Records contained in a dataset:
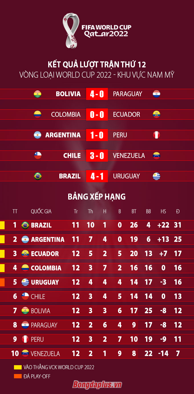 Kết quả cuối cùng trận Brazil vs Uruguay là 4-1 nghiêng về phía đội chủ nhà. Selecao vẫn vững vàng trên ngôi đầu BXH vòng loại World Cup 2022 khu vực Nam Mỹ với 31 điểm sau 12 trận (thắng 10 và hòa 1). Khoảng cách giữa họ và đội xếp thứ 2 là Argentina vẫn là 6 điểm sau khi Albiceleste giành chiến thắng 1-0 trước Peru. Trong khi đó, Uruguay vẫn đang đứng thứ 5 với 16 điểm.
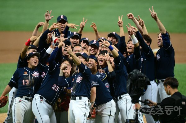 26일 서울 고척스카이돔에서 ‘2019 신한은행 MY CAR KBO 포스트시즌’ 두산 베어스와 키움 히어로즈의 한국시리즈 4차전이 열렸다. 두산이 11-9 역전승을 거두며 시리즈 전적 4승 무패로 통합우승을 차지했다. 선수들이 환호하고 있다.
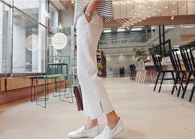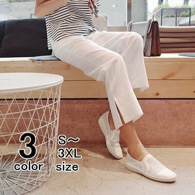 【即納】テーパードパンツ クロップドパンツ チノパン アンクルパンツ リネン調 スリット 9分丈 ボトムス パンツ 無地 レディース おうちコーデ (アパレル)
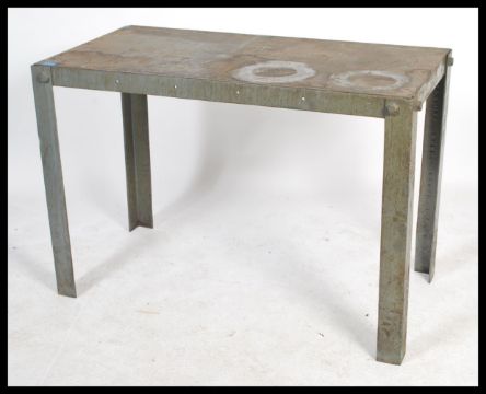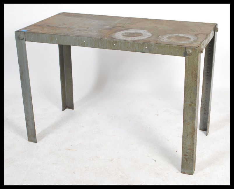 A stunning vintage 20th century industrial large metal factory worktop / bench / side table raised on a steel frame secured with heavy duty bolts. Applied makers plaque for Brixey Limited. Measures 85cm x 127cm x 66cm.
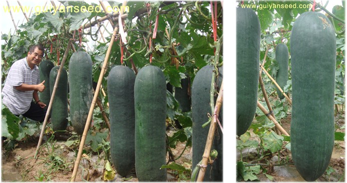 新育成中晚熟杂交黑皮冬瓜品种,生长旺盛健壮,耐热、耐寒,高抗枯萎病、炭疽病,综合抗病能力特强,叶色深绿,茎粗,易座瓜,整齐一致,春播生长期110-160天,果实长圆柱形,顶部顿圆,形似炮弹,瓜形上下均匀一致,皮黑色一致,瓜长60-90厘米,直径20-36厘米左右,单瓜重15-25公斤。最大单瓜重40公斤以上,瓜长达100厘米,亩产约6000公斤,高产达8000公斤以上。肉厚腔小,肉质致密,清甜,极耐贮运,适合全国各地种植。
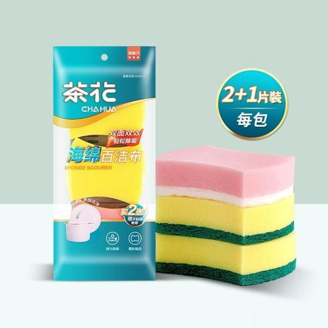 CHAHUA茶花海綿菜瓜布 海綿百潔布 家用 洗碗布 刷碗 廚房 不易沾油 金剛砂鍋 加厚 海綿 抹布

> _YOUR TASK_
Copy each entry above exactly; drop the pictures.

> _TASK OUTPUT_
 Kết quả cuối cùng trận Brazil vs Uruguay là 4-1 nghiêng về phía đội chủ nhà. Selecao vẫn vững vàng trên ngôi đầu BXH vòng loại World Cup 2022 khu vực Nam Mỹ với 31 điểm sau 12 trận (thắng 10 và hòa 1). Khoảng cách giữa họ và đội xếp thứ 2 là Argentina vẫn là 6 điểm sau khi Albiceleste giành chiến thắng 1-0 trước Peru. Trong khi đó, Uruguay vẫn đang đứng thứ 5 với 16 điểm.
 26일 서울 고척스카이돔에서 ‘2019 신한은행 MY CAR KBO 포스트시즌’ 두산 베어스와 키움 히어로즈의 한국시리즈 4차전이 열렸다. 두산이 11-9 역전승을 거두며 시리즈 전적 4승 무패로 통합우승을 차지했다. 선수들이 환호하고 있다.
 【即納】テーパードパンツ クロップドパンツ チノパン アンクルパンツ リネン調 スリット 9分丈 ボトムス パンツ 無地 レディース おうちコーデ (アパレル)
 A stunning vintage 20th century industrial large metal factory worktop / bench / side table raised on a steel frame secured with heavy duty bolts. Applied makers plaque for Brixey Limited. Measures 85cm x 127cm x 66cm.
 新育成中晚熟杂交黑皮冬瓜品种,生长旺盛健壮,耐热、耐寒,高抗枯萎病、炭疽病,综合抗病能力特强,叶色深绿,茎粗,易座瓜,整齐一致,春播生长期110-160天,果实长圆柱形,顶部顿圆,形似炮弹,瓜形上下均匀一致,皮黑色一致,瓜长60-90厘米,直径20-36厘米左右,单瓜重15-25公斤。最大单瓜重40公斤以上,瓜长达100厘米,亩产约6000公斤,高产达8000公斤以上。肉厚腔小,肉质致密,清甜,极耐贮运,适合全国各地种植。
 CHAHUA茶花海綿菜瓜布 海綿百潔布 家用 洗碗布 刷碗 廚房 不易沾油 金剛砂鍋 加厚 海綿 抹布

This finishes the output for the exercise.